Tomato (Solanum lycopersicum L.) Fusarium wilt caused by Fusarium oxysporum f. sp. lycopersici (Fol) is common worldwide,[1] infecting the tomato roots, causing bacterial wilt, and limiting annual tomato yield.[2] Organic amendments, crop rotation, and chemical soil fumigation have been suggested for controlling the disease.[3,4] However, there is a risk that pathogens may become even more abundant in a short time.[5,6] Using antagonistic bacteria to prevent the disease may be the most promising control method, because biocontrol can provide ecosystem protection, food safety, and high efficiency.[7-9]

Changes in soil microbial community composition and the induced effects provide useful information for studying soil quality and health.[10] It is particularly important to determine the response of soil bacterial communities to different modifiers because the imbalance in the rhizosphere microbial community is the main cause of soilborne disease.[11] The rhizosphere is a battlefield for soilborne pathogens and beneficial microorganisms.[12]

Liu et al.[13] characterized changes in tomato bulk soil microflora in response to different organic additives and their results showed that the continuous application of bio-organic fertilizers (BOF) decreased tomato disease incidence. Microorganisms respond quickly to soil properties, fertilizer management, plant development, and other environmental factors.[14] Bonanomi et al.[5] suggested that the change in denitrification with fertilizer management was related to the shift in bacterial communities resulting from variation in soil properties, which may cause long-term shifts in the quality and function of the soil. Thus, the interaction between microorganisms, soil, and plants is complex and changeable. Understanding the effects of soil microbial communities on soil properties and the relationship between plant disease and soil microbial communities, that can provide the foundation for soil community manipulation and new opportunities to explore novel strategies to promote plant health in a sustainable way.[4] Despite the known key role of bacterial communities in maintaining soil quality and ecosystem sustainability, information on shifts in soil bacterial communities affected by different biocontrol agents is still limited, especially with the emergence of new antagonistic microorganisms.

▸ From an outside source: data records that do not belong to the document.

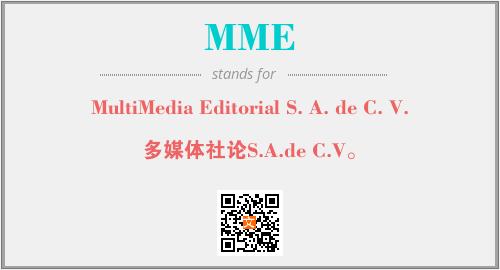 上述内容是“MultiMedia Editorial S. A. de C. V.”作为“MME”的缩写,解释为“多媒体社论S.A.de C.V。”时的信息,以及英文缩略词MME所代表的英文单词,其对应的中文拼音、详细解释以及在英文中的流行度和相关分类、应用领域及应用示例等。
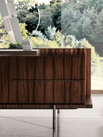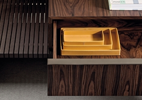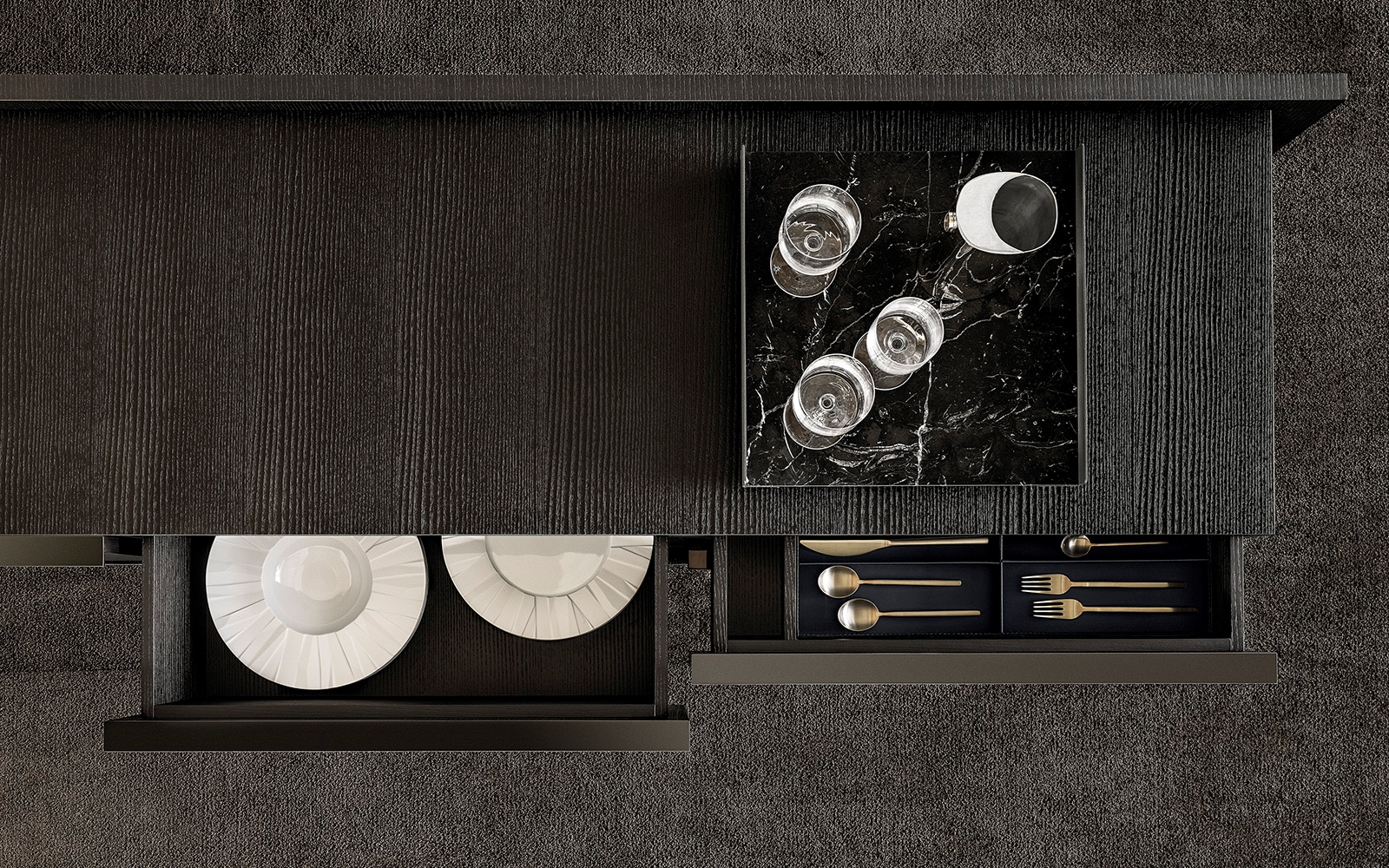 - in MDF, 22 mm thick, Moka colour glossy lacquer finish. Large drawers (n. 2) and drawers (n. 2) that glide on full-extension runners with Blumotion closure. Aluminium handles with varnished polished Brandy colour finish. Black saddle-hide cutlery tray is located in the upper drawer.
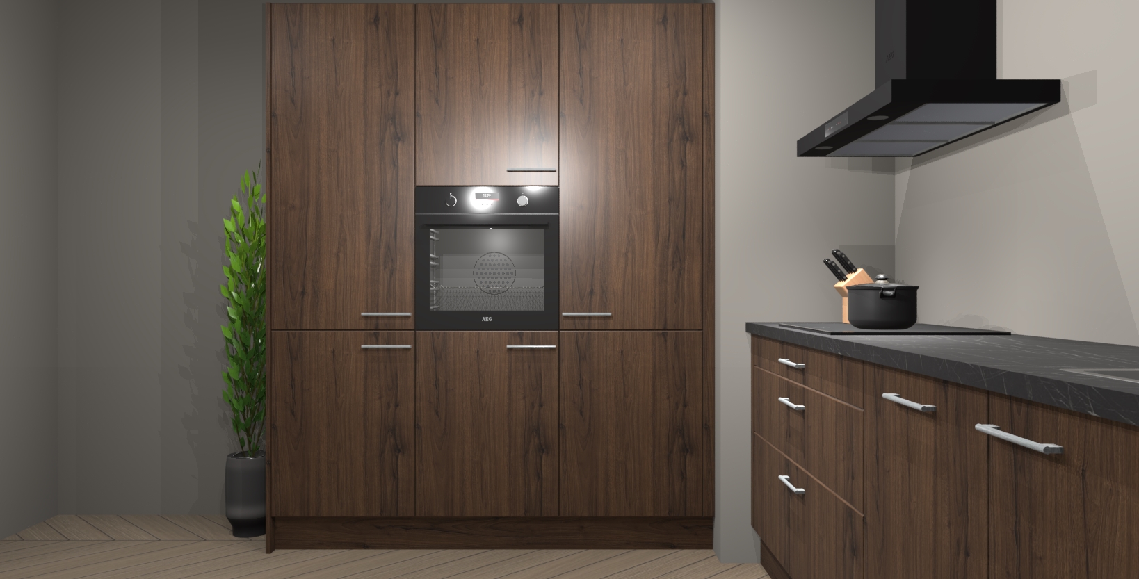De softclose deuren openen en sluiten is ook heel eenvoudig - geniet van een moeiteloze keukenervaring, zelfs als er kinderen rondlopen. Voor extra gemak bij het plaatsen van uw bestelling bieden we ook een upgrade naar een kookplaat met geïntegreerde afzuiging.
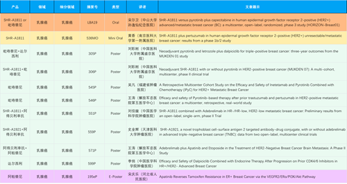 在乳腺癌领域,金年会金字招牌诚信至上创新产品相关研究共入选1项口头报告、1项简短口头报告、8项壁报和1项电子壁报,共11项研究。吡咯替尼、达尔西利、阿得贝利单抗、瑞康曲妥珠单抗等新老创新药物,均有多篇研究入选,展现出金年会金字招牌诚信至上医药在乳腺癌领域多年深耕的丰硕成果。
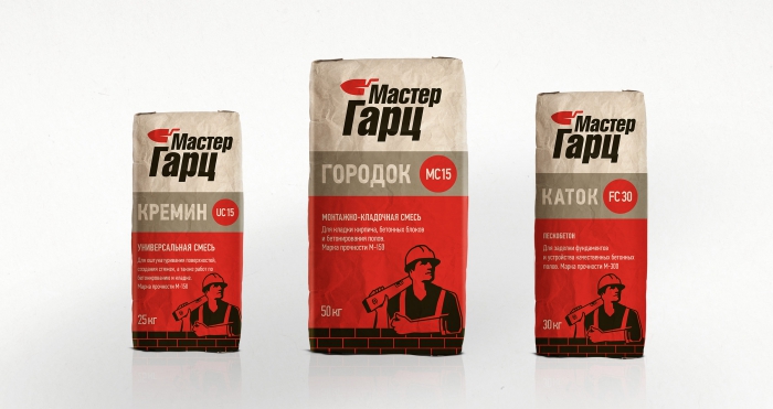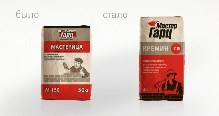 Необходимо было укрепить позиции марки «Мастер Гарц», как марки наиболее качественных традиционных сухих строительных смесей. Продукцию «Мастер Гарц» активно используют при строительстве и реконструкции объектов и зданий федерального значения. Поэтому было важно сохранить узнаваемость, чего креаторы добились, сохраняя цветовые пятна и присутствие персонажа.
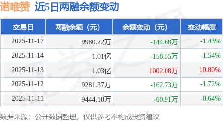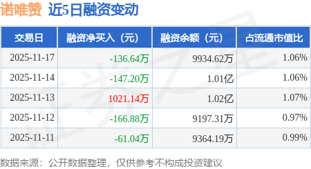 证券之星消息,11月17日,诺唯赞(688105)融资买入413.17万元,融资偿还549.81万元,融资净卖出136.64万元,融资余额9934.62万元。
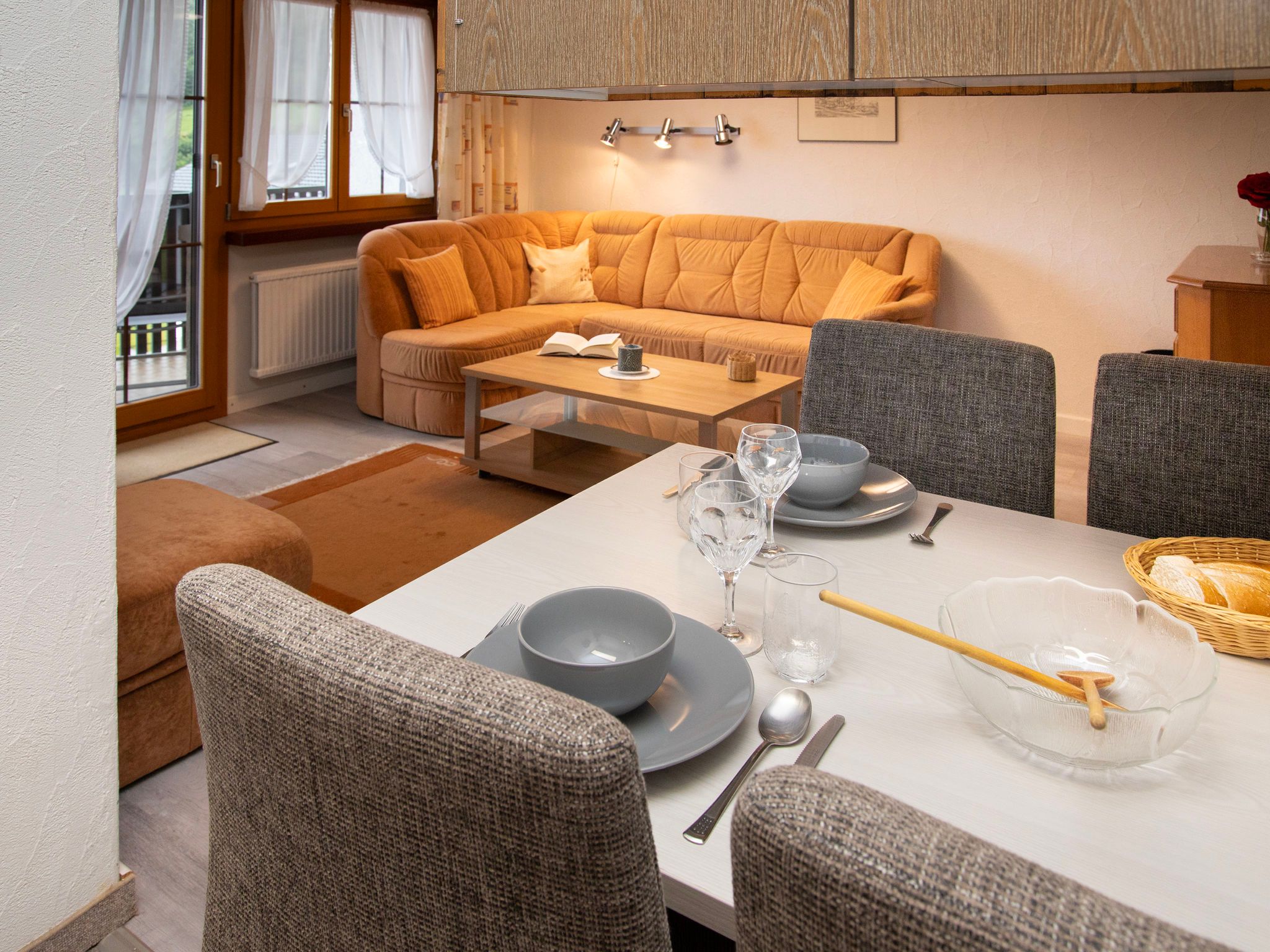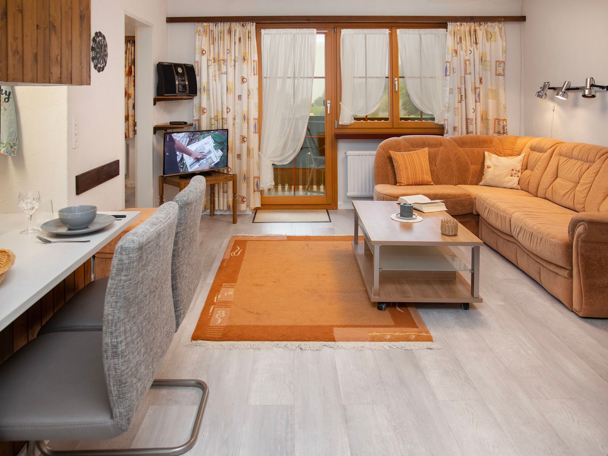 La Siala Apt.37, 2-Zimmer-Wohnung 34 m2 im 2. Stock. Komfortabel und gemütlich eingerichtet: Wohn-/Esszimmer mit 1 Diwanbett und Kabel-TV (Flachbildschirm). Ausgang zum Balkon. 1 Doppelzimmer. Kochnische (2 Glaskeramikplatten, elektrische Kaffeemaschine). Bad/WC. Balkon 8 m2, Südlage. Balkonmöbel. Schöne Sicht auf die Berge, das Tal und die Landschaft. Zur Verfügung: Haartrockner. Internet (WLAN, gratis). Bitte beachten: Nichtraucher-Unterkunft.
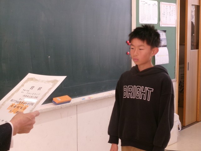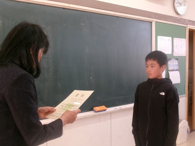 夏休みに取り組んだ絵画作品や書写作品、沼津市の美術展、税の標語、沼津文園で優秀な作品として選ばれた子どもたちが、校長先生から賞状を受け取りました。またボランティア活動を行った児童が地域の方々から感謝状をいただきました。
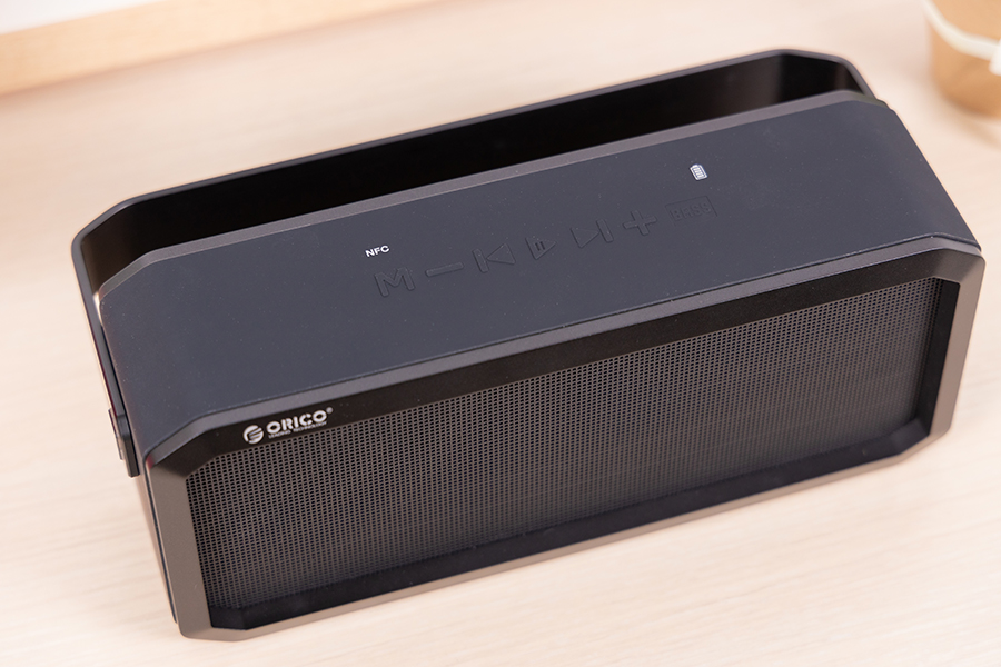 音箱有個手提式的把手,可向前或向后彎折90度角,而音箱大部分功能按鍵都布局在了音箱本體的頂部,音量加減和快進后退鍵略表不提,M鍵為模式切換按鍵,在M鍵的上方有個NFC連接的標志,最中間的播放鍵除了播放功能外,還具有暫停和通話功能,最右側的BASS按鍵為重低音功能,顯然這款藍牙音箱在播放搖滾樂等音樂時切換到該功能下可以獲得更好的收聽效果。
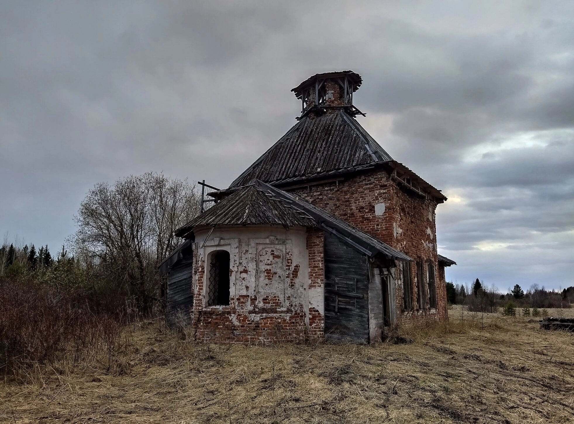 Здание церкви выполнено из кирпича и увенчано деревянным шатровым завершением, характерным для традиционного северного зодчества. На снимке хорошо видны следы многолетнего запустения: обвалившаяся штукатурка, разрушенные оконные проемы и потемневший от времени деревянный сруб. Эти повреждения свидетельствуют о длительном периоде neglect храма, который некогда был духовным центром для местных жителей.
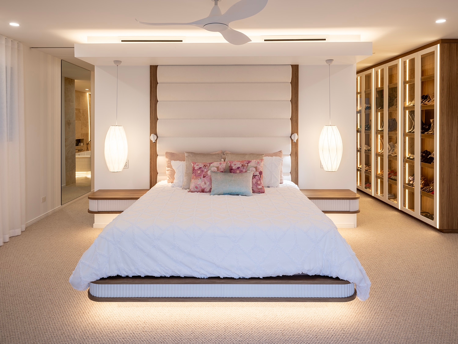 – Fully automated master suite featuring a floating bed, integrated bedside tables, custom walk‑in robe and a dedicated illuminated shoe gallery
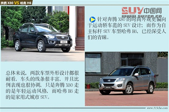 這次我們選的這兩款自主SUV車型,分別是奔騰X80和哈弗H6。更多是注重日常使用,而不是用于郊外“撒野”的玩具。

As described in our previous work, Erythrobacter aureus YH-07 showed antagonistic ability against the pathogen causing tomato wilt disease.[15] In this study, we used a deep 16S rRNA pyrosequencing approach to investigate the suppression of tomato bacterial wilt by using YH-07 and investigated the responses of soil microbial communities and physicochemical properties to YH-07 addition. Further, we evaluated whether the disease incidence correlated with composition of the microbial communities and whether disease suppression after YH-07 application correlated with the soil physicochemical properties.

Materials and methods

Biocontrol agent inoculum preparation

Strain YH-07 was cultured in Marine Broth 2216 (MB) at 30 °C for 24 h with agitation in an orbital shaker at 180 rpm, the cells were harvested by centrifugation at 4000g for 20 min, and the pellet was resuspended in sterile filtered double-distilled water. The bacterial suspension concentrations were adjusted to 5 × 107 CFU mL−1.

Pathogen inoculum preparation

Fusarium oxysporum lycopersici (Fol) (China General Microbiological Culture Collection Center, Beijing, China) was inoculated in potato dextrose agar (PDA) plates for 4 days at 30 °C. The spores were collected using 5 mL sterile water to flood the PDA plates. The spore concentrations were determined with a hemocytometer and diluted to 5 × 106 CFU mL−1.[16]

Experimental methods

The pot experiments were carried out in the greenhouse of Institute of Soil Science, Chinese Academy of Sciences, Nanjing, Jiangsu Province (32°4′ N, 118°48′ E) during the 2018 growing season. The nursery and pot soils were collected with a shovel at Nanjing Institute of Vegetable Science and had never previously held any plants. At the greenhouse, the soil was homogenized and poured into the sterilized pots (2 kg soil per pot). Tomato seeds (cultivar Hezuo 908) were surface sterilized in H2O2 (5%) for 30 min and washed in sterile water three times (90 s each time), then placed in plates covered with sterile filter papers wet with sterile water (sterile filter paper and sterile water were prepared used high-pressure steam sterilization, 121 °C for 30 min) for germination at 30 °C. The germinated seeds were moved into nursery cups containing 300 g soil, and only one seedling was planted in each nursery cup.[16] Plants with three to four true leaves were transplanted to pots and kept in a greenhouse under ambient conditions (28 °C in the day – 14 °C at night; natural light).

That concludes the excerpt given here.